Open alexdunnjpl opened 2 months ago
@alexdunnjpl when you say "implement configuration" is this an event scheduler configuration?
@jordanpadams I'm fuzzy on the details, but I think it requires defining a cluster for each task definition and setting a container limit on each cluster. Simply, "do some AWS Console stuff"
@sjoshi-jpl will have a better idea of the details I suspect
Thanks @alexdunnjpl. As a task, this is 100% going to get lost in the 100s of tickets we have open right now. I will try to keep track of this and add to our overall release plan.

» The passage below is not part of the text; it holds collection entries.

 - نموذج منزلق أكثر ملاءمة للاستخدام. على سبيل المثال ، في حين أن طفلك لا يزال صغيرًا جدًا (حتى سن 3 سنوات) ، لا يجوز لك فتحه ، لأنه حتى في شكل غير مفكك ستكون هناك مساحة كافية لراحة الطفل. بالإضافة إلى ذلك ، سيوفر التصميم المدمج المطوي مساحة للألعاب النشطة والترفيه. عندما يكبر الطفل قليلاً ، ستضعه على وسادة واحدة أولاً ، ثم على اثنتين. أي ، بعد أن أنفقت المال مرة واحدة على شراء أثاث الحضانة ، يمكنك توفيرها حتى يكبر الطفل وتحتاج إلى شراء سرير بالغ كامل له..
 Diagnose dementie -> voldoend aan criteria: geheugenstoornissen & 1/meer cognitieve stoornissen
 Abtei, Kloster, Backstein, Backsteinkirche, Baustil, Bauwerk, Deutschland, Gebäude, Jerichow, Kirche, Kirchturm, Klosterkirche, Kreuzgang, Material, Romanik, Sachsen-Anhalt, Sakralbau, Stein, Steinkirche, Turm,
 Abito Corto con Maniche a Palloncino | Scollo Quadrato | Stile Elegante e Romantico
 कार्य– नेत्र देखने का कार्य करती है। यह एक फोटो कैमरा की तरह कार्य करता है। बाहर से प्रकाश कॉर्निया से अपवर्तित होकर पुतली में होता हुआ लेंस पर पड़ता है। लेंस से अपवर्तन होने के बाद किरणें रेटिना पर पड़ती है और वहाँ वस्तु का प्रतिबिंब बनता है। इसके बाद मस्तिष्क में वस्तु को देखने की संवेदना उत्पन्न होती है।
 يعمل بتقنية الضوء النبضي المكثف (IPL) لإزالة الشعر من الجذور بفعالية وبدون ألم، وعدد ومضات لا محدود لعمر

The need for this should be somewhat mitigated (though not completely avoided) by https://github.com/NASA-PDS/registry-sweepers/pull/115 as now, only provenance should result in any redundant work being done.

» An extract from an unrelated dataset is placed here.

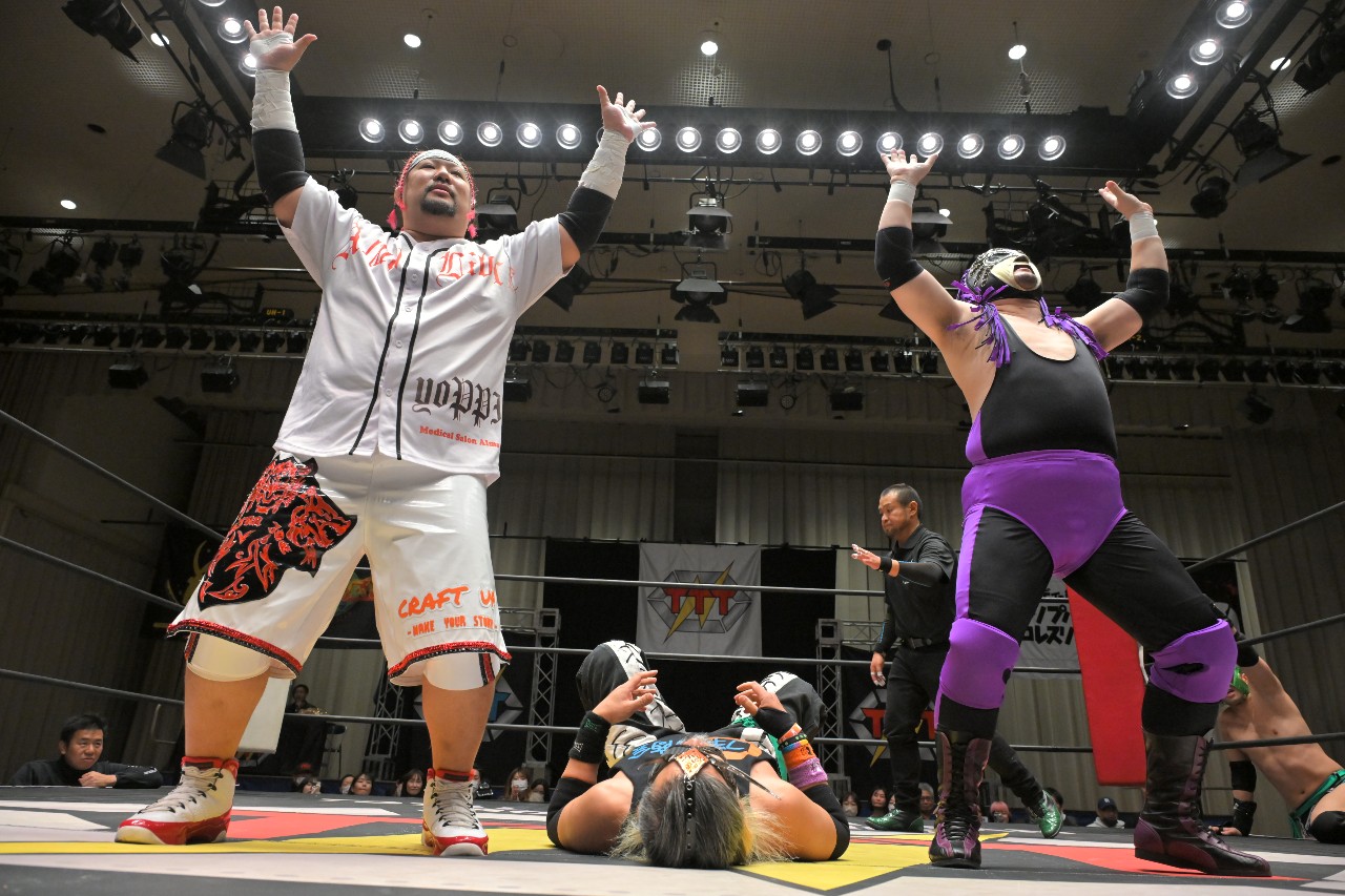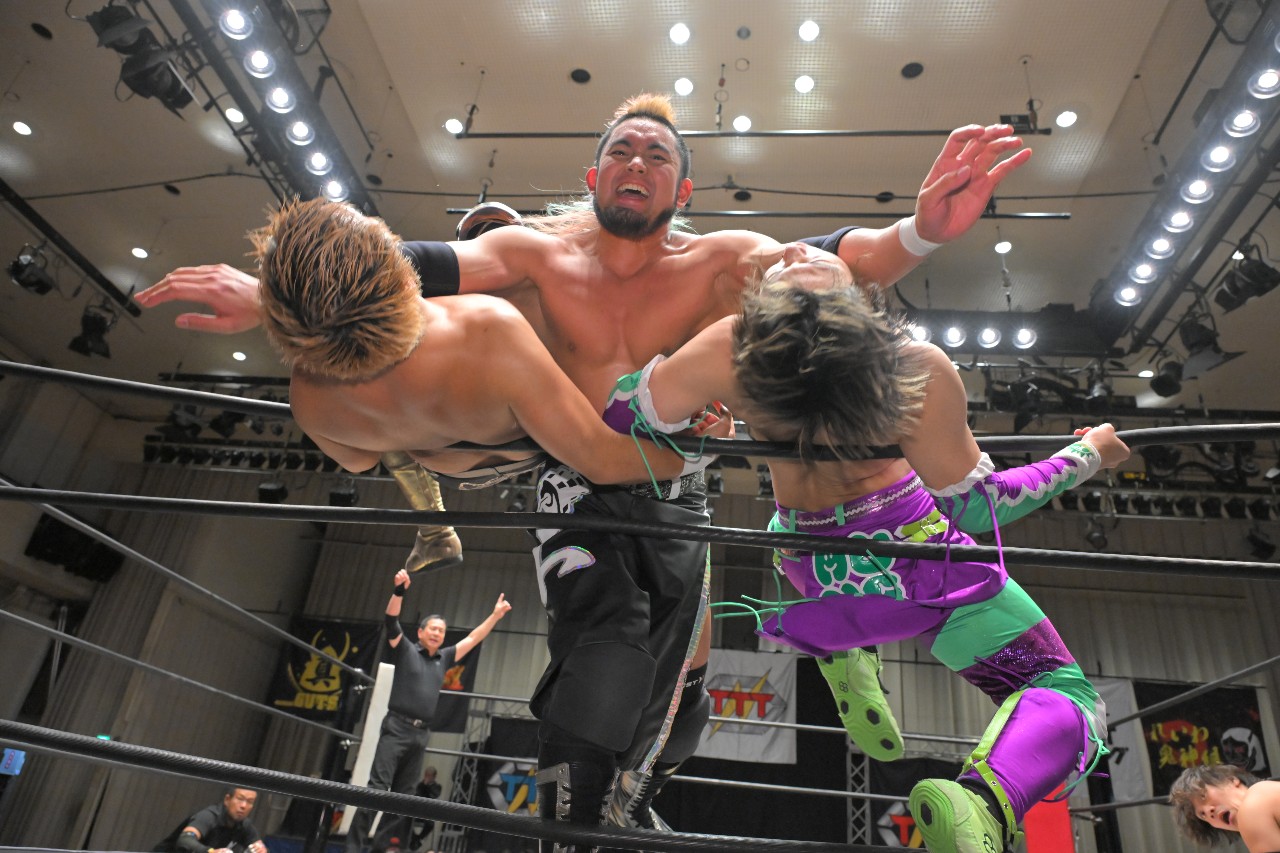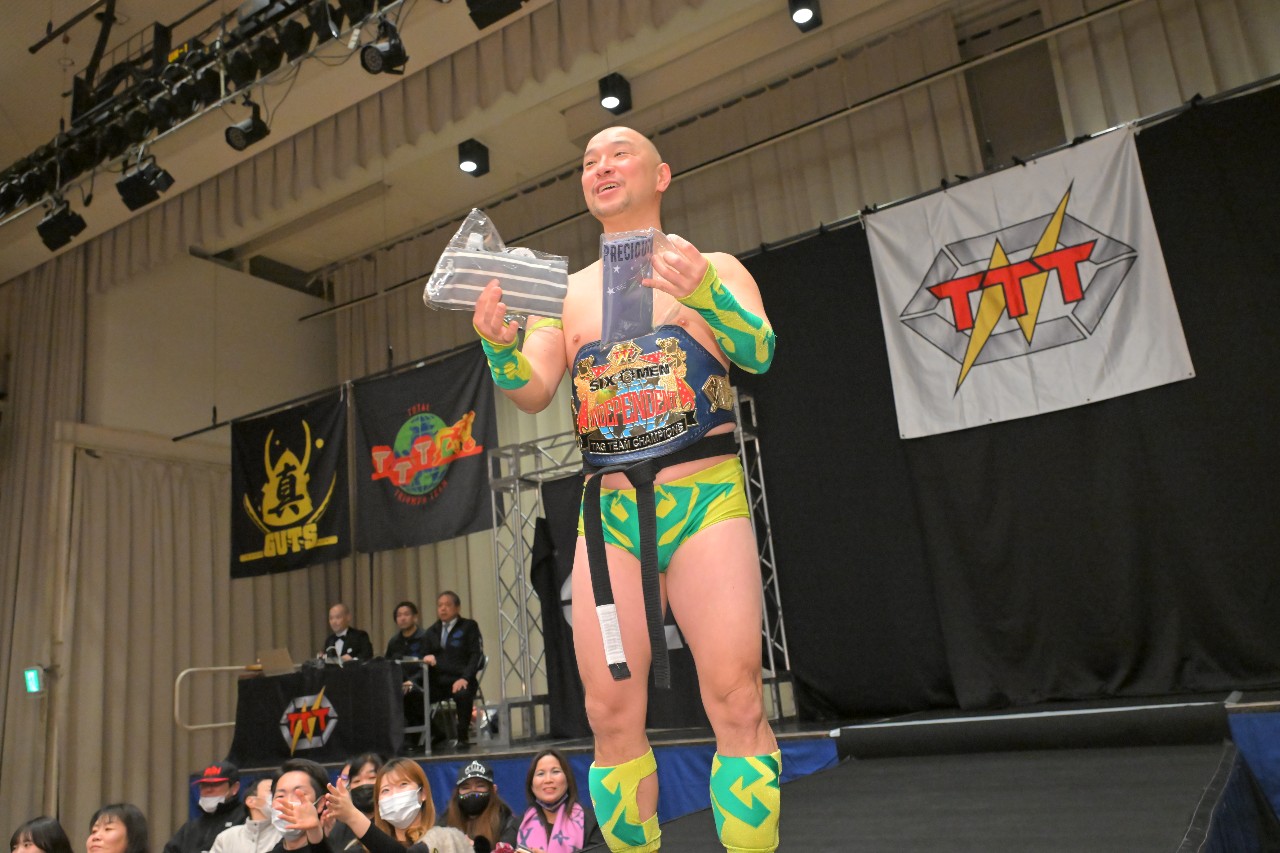 ガッツ「また正月明けで皆さんお金なくて迷惑だと思いますが、またTTTに付き合って後楽園ホールに来ていただけたらなと思いますので、皆さん応援よろしくお願いします!いつもの締めやろ?いつもの締め!TTTにはアントニオ猪木さんの『1!2!3!ダーッ!』みたいのがあるんですよ。みなさんと一緒にやりたいので、是非ご起立お願いします。俺が『シングル!ダブル!』って言ったら『トリプルT!』で締めますんで。皆さんお付き合いお願いします。行くぞーッ!シングル!ダブル!トリプルT!ありがとうございましたッ!」

EDIT Actually this is incorrect - there's still a concern of multiple instances tripping over each other in the event of an influx of data which causes >cadencePeriod
container runtime
💡 Description
Currently, if a sweeper executes for longer than its schedule cadence, multiple instances of the sweeper will run concurrently.
This causes additional cost due to both redundant processing and a slowdown of all jobs due to increased database load, and could affect service if the database is loaded heavily enough.
Implement configuration to allow execution of <=1 container instance per task definition (i.e. node) at any point in time.
@jordanpadams this isn't blocking anything, but the sooner it's done, the shorter we can make our sweepers cadence and the performance/cost impact is nontrivial.